I love the effect of dappled sunlight and this picture sums up the day for me. Looking at the image I can hear the wind rusling the leaves and feel the heat of the sun on my arms, see the blue sky and the big white clouds moving across. I love the pattern of the leaves that are silhouetted against the sky. I know that in years to come I will be able to look at this picture and remember taking it and remember the day.
I have been fascinated by shadows this summer, the most obvious ones have been of borders; walls, fences, hedges. When you first look at them they look sharp especially if the sun is very bright but if you look closely they are always slightly blurred. This has led to thoughts about borders, edges, rules, conventions. How many of these things in our lives have blurred edges, issues that at first seem black and white when examined closely are many shades of grey. Society creates rules and conventions to protect or make us conform, fit in. We create our own borders - our own personal space, our own rules to create a comfort zone where we can live comfortably. As a species, however, we have survived, become all powerful by breaking rules, crossing borders, stepping over the edge to see where it takes us. The trouble is once we have crossed the line we can not always get back, we loose our footing and are compelled to go forward, making away for others to follow, then we have to deal with what we have discovered and make more rules. There is a blurred line between calculated risk taking and foolhardiness. Without the risks we would not develop, the thing is to know where to stop - where to draw the line.

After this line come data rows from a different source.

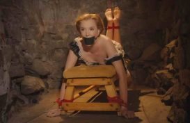 Ariel Anderssen, Lucy Lauren and Zoe Page – Bastinado in the stocks for Ariel and Lucy, restrainedelegance
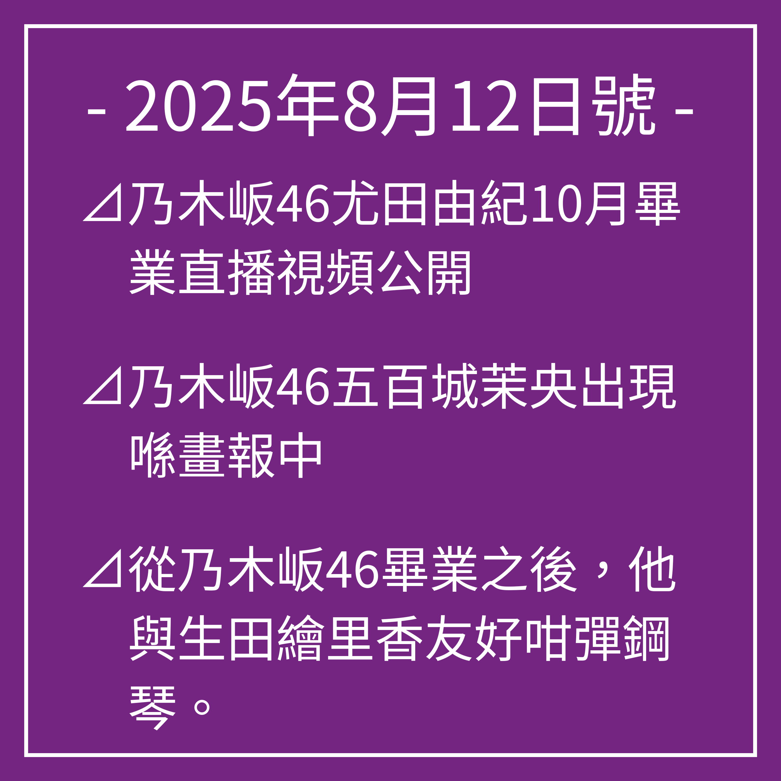 以上係關於乃木坂46嘅消息報導
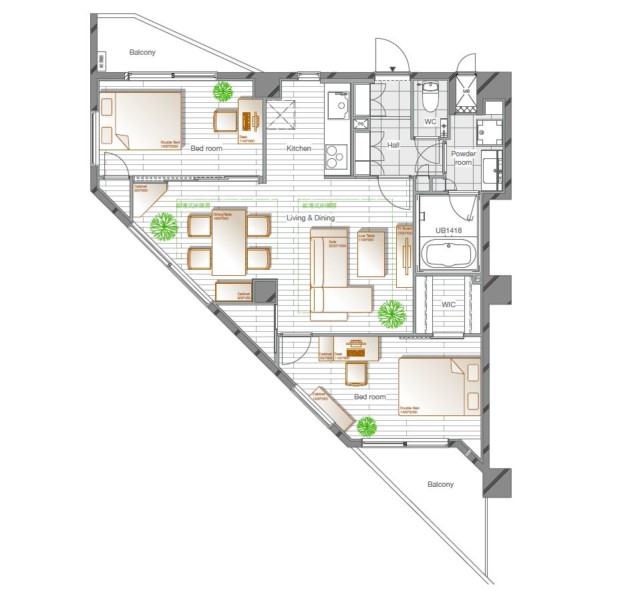 【LDK:約15帖・エアコン・床暖房・家具付(小物を除く)】
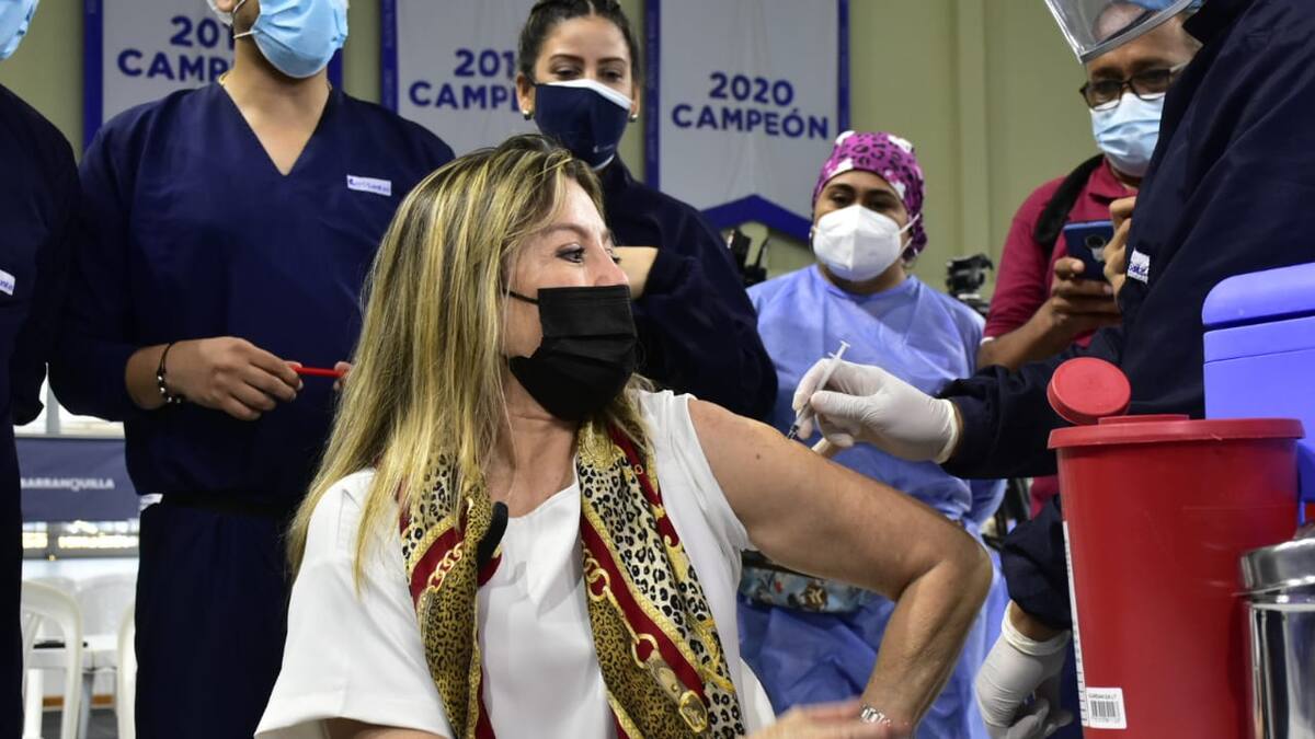 En la mañana de este jueves, el alcalde Jaime Pumarejo acompañó a su madre, Ingeborg Heins de Pumarejo, para recibir su vacuna contra la covid-19 en el coliseo Elias Chegwin.
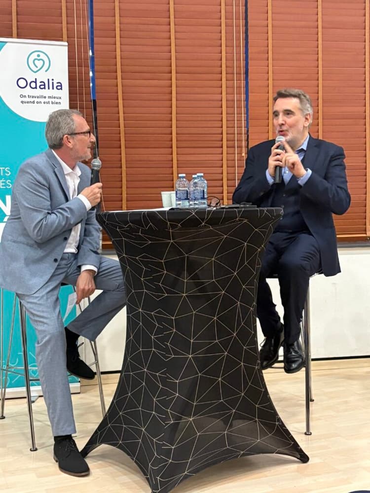 Le parrain de la soirée ensuite, à savoir Odalia, service de prévention et de santé au travail du Var, représenté par son directeur Yves Kerboriou, dont la souveraineté numérique se traduit par la protection des données confidentielles de 330 000 personnes et 33 000 entreprises ! Celui-ci a conté son cheminement vers la sérénité, conjointement à une démarche interne de formation en IA pour ses 250 salariés.
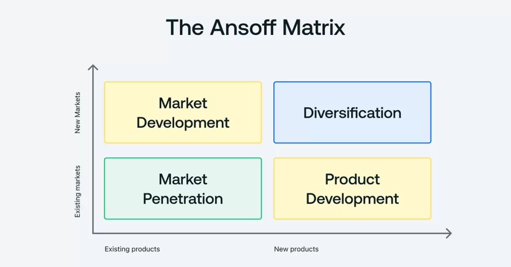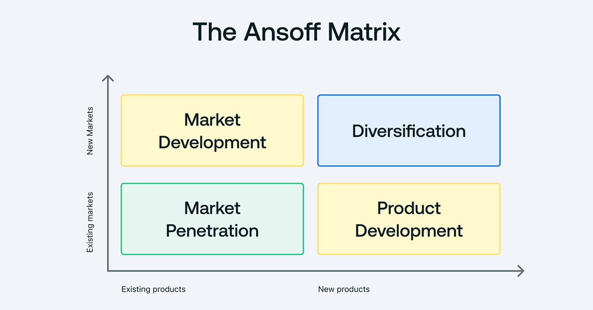 Bốn góc phần tư của ma trận này đại diện cho các chiến lược mở rộng với mức độ rủi ro khác nhau, từ thấp nhất (thâm nhập thị trường – Market Penetration, sử dụng sản phẩm hiện có trên thị trường hiện có) đến cao nhất (đa dạng hóa – Diversification, sử dụng sản phẩm mới trên thị trường mới). Việc này giúp C-level đưa ra quyết định có Logic về việc phân bổ nguồn lực và chấp nhận rủi ro.
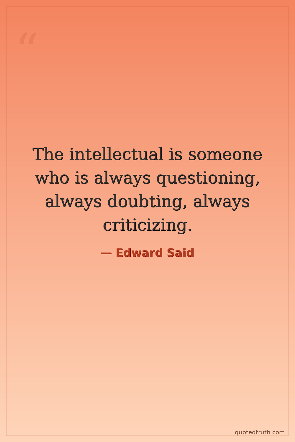 The intellectual is someone who is always questioning, always doubting, always criticizing.
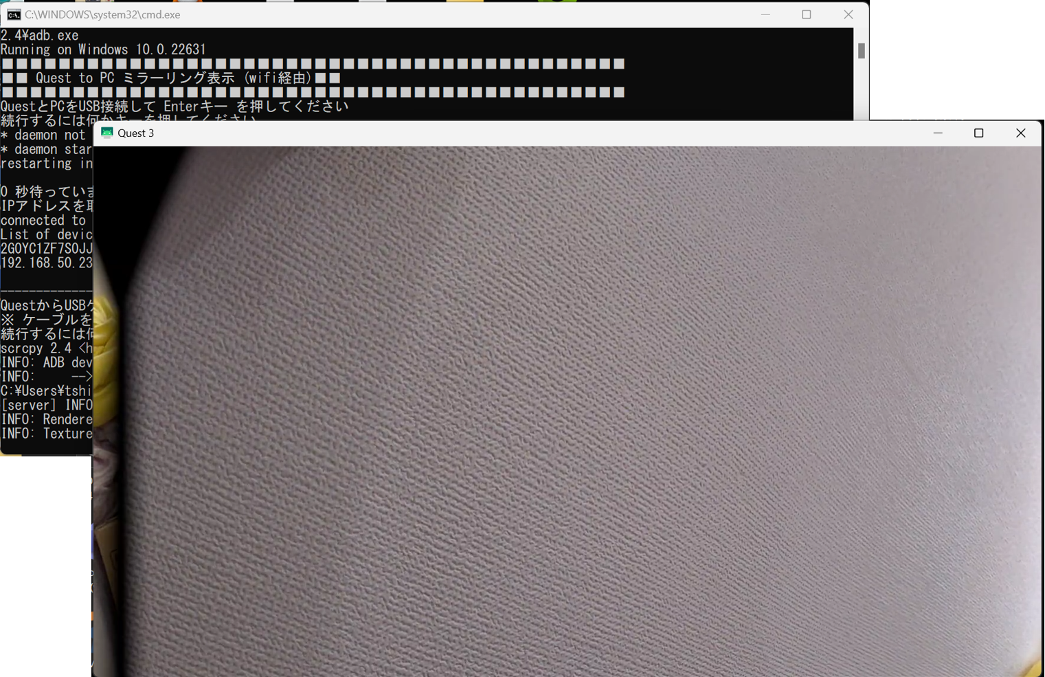 - 「Questミラーリング表示_Wifi経由.bat」を実行します
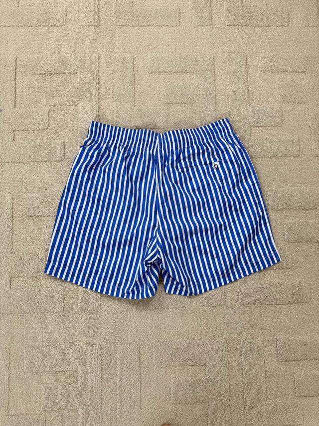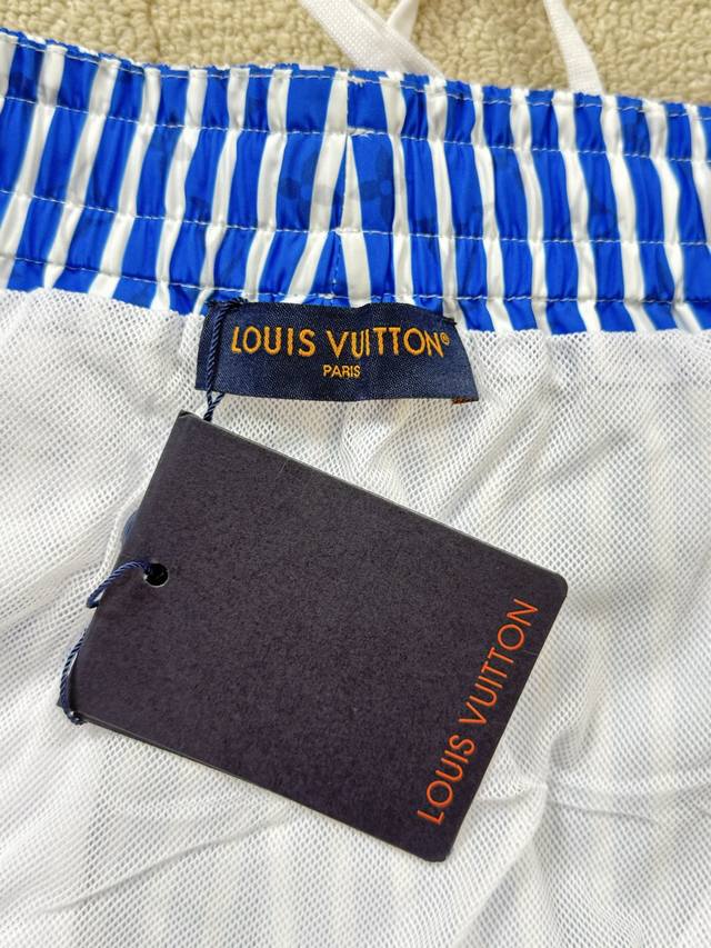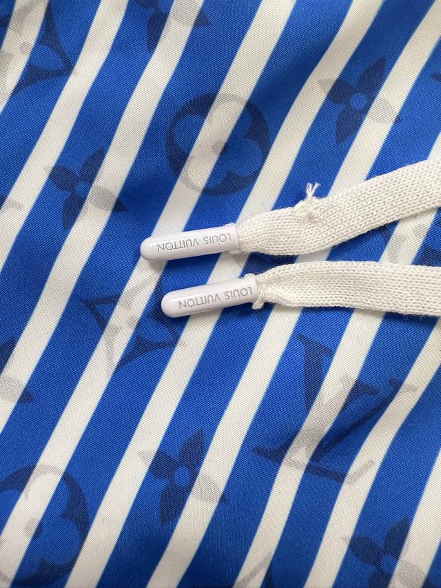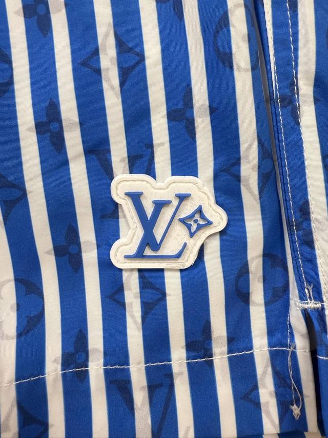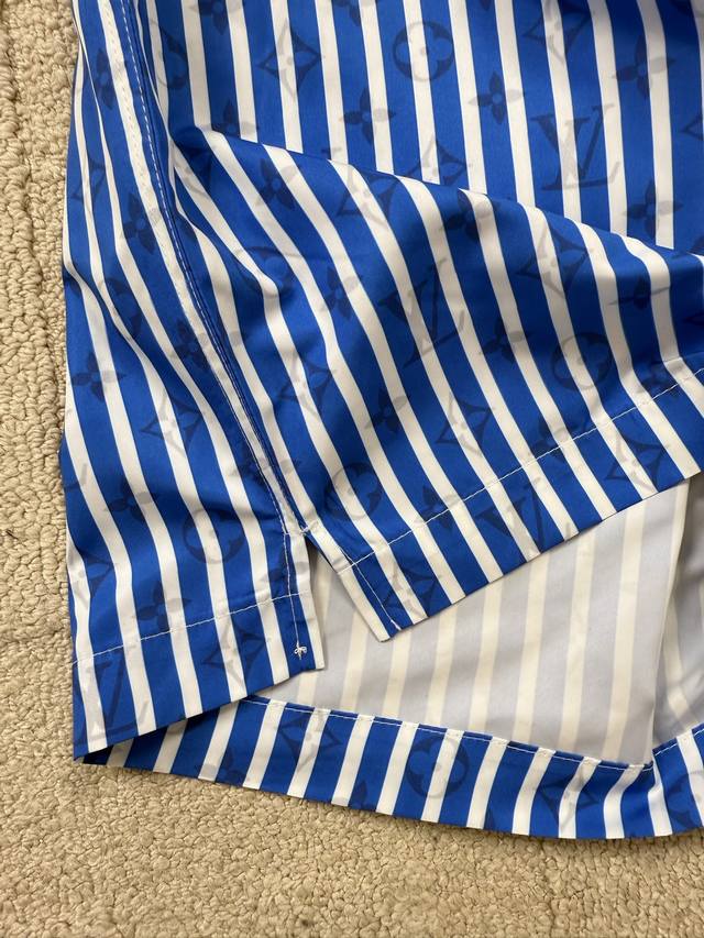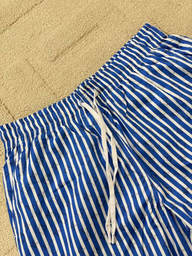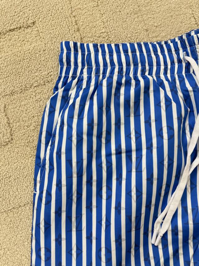 Flat-Detailed Lv Blue Striped Beach Shorts. These beach shorts feature an all-ov

For individuals crossing borders or living by a different set of rules or conventions can lead to alienation, being an outsider. If you don't take risks and spend your time in your comfort zone stagnation can set in, you loose your 'get up and go'. You become an automaton following the rules, obeying commands - a golem? (the book is getting to me).
The risks I take are calculated ones, my Dad used to say 'if in doubt don't'. I am usually in doubt so I don't but every now and again I need a bit of excitement in my life. I need to break out of my comfort zone and expose my weaknesses and strengths to myself, even if no one else knows I am doing it. Actually when I think about it, it is when my comfort zone is becoming uncomfortable, when there are intrusions that I break out - rebel is probably a better word. The adrenalin is flowing and I am less aware of the risks I am fighting to re-construct my comfort zone.
The riskiest thing I have done so far this year? Probably starting this blog.
Do you know the spell checker does not recognise blog!!